‘Tammy’ Movie Review – A Step Back
Hollywood goes through trends, multiple trends really. Putting aside some of the obvious ones, like zombies and vampires, we could almost count star Melissa McCarthy as a trend herself. After her breakout role in 2011’s comedy Bridesmaids, she became a hot commodity. Since then, she’s appeared in This is 40 and The Hangover: Part III, but more importantly, she was front-and-center in Identity Thief and The Heat. McCarthy is a star because she’s unassuming and brash at the same time. The problem is the characteristics are starting to become a cliché and McCarthy is feeling the heat (no pun intended) more in this week’s release of Tammy.
From the start, Tammy (McCarthy) is having a bad day. On her way to her crappy job, where she’s managed by her crappy boss (Ben Falcone), in her crappy car, her day completely unravels. The mess continues after she’s fired and finds her husband (Nat Faxon) cheating on her. The day seemingly couldn’t get any worse, so Tammy turns to her grandma (Susan Sarandon) as an escape.
The comedy relies on their ensuing road trip that sees them acting like immature adults while deflecting their real problems.
I get it. It’s a comedy, so the situations (which include a jet-skiing accident, a robbery, and a lesbian-only 4th of July party) are absurd on purpose. They’re trying to be funny. On the surface, and certainly within the script (that McCarty co-wrote with Falcone, her husband), these seemed like they would be funny.
But, they weren’t. Tammy, both the movie and the character, miss on practically every joke. Don’t get me wrong, I am a fan of McCarthy. I’m also a fan of jokes that are set-up well and characters that are legitimately funny.
The closest we get to that is Becky (Sarah Baker), one of the fast-food employees. Becky is about the only interesting side character – or character at all. Unfortunately, Bobby (Mark Duplass) is the exact opposite of interesting.
I actually point to Bridesmaids as part of the reason this is such a disappointing turn for both McCarthy and Hollywood as a whole. Before Bridesmaids, finding a comedy led by women that was actually good was very difficult. This is especially true when you think about big studio films.
It’s a problem that all of Hollywood is dealing with, not just comedies, because women are hugely underrepresented. When a movie with a strong leading lady (Zero Dark Thirty, The Hunger Games films, and etc.) works, it shows signs of improvement within the industry. Tammy is about the opposite of Bridesmaids, though, because the women characters are paperthin.
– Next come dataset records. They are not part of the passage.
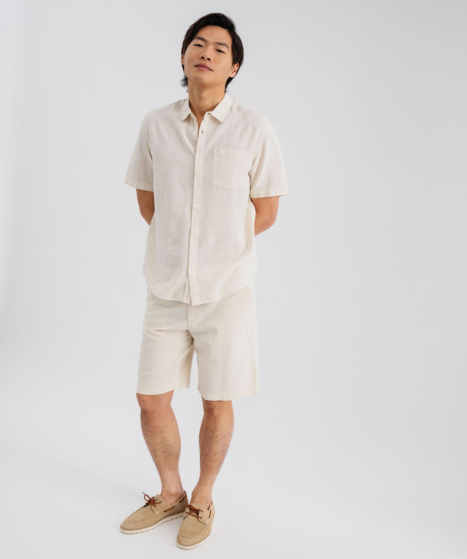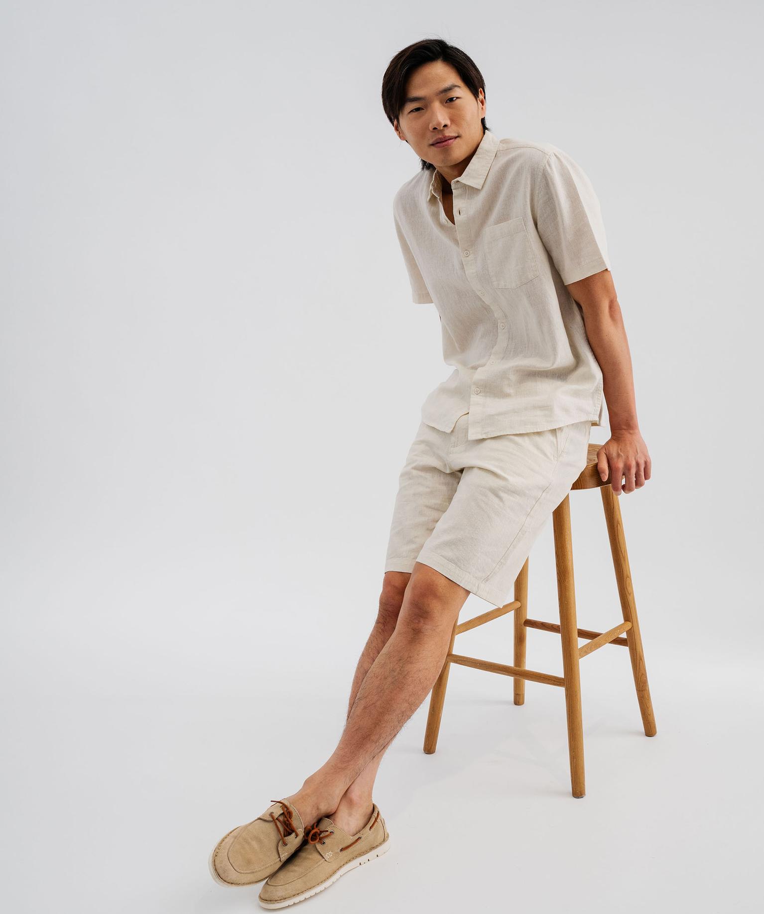 Bermuda en lin et coton coupe regular homme beige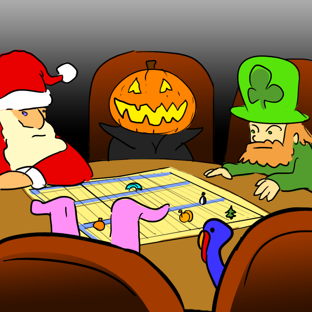 “Halloween shall fall on the least fun day of all, a Tuesday!” they cry. “And when it ought to land on a Saturday, we’ll ensure there’s a leap year, bumping it to Sunday and robbing college students everywhere of their scantily-clad celebration!”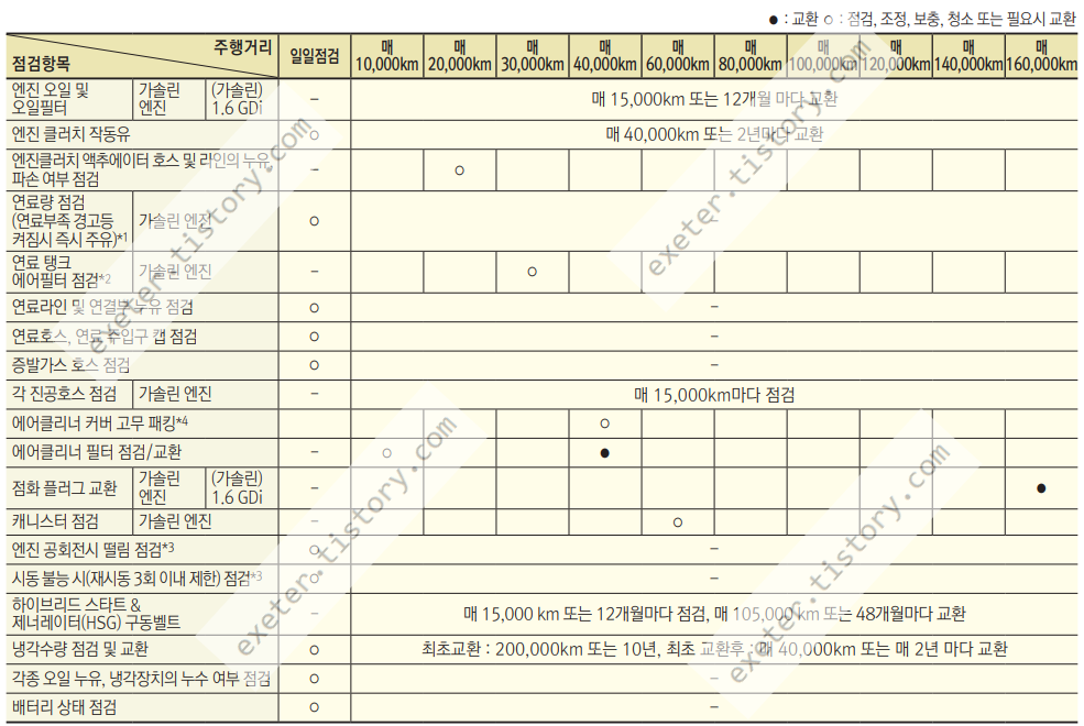 - 엔진 오일 및 오일필터 (가솔린 1.6 GDi): 매 15,000km 또는 12개월마다 교체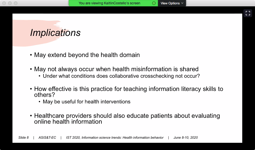 Kaitlin then noted some of the implications of this work. For me, the final implication (healthcare providers should also educate patients about evaluating health information) is very reminiscent of yesterday’s keynote.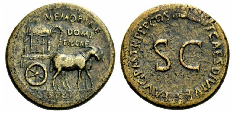 | RIC 262 Sear 2577 | Domitilla the Elder AE Sestertius. Struck 80-81 AD under Titus. IMP T CAES DIVI VESP F AVG P M TR P P P COS VIII around large SC / MEMORIAE DOMI-TILLAE, carpentum right drawn by two mules, SPQR in ex. Cohen 1. | Text | Image |

I don’t blame Melissa McCarthy completely for riding her hotstreak. Hollywood is a fickle place, and you’ve got to do what you can while you’re the “in” commodity. However, I can partially blame her for how flat Tammy feels because she had a hand in the script (and thus, her character). I wish I could’ve enjoyed the movie but when a comedy isn’t funny, it makes it very difficult.
Tammy released today in wide release; therefore, it should be playing near you!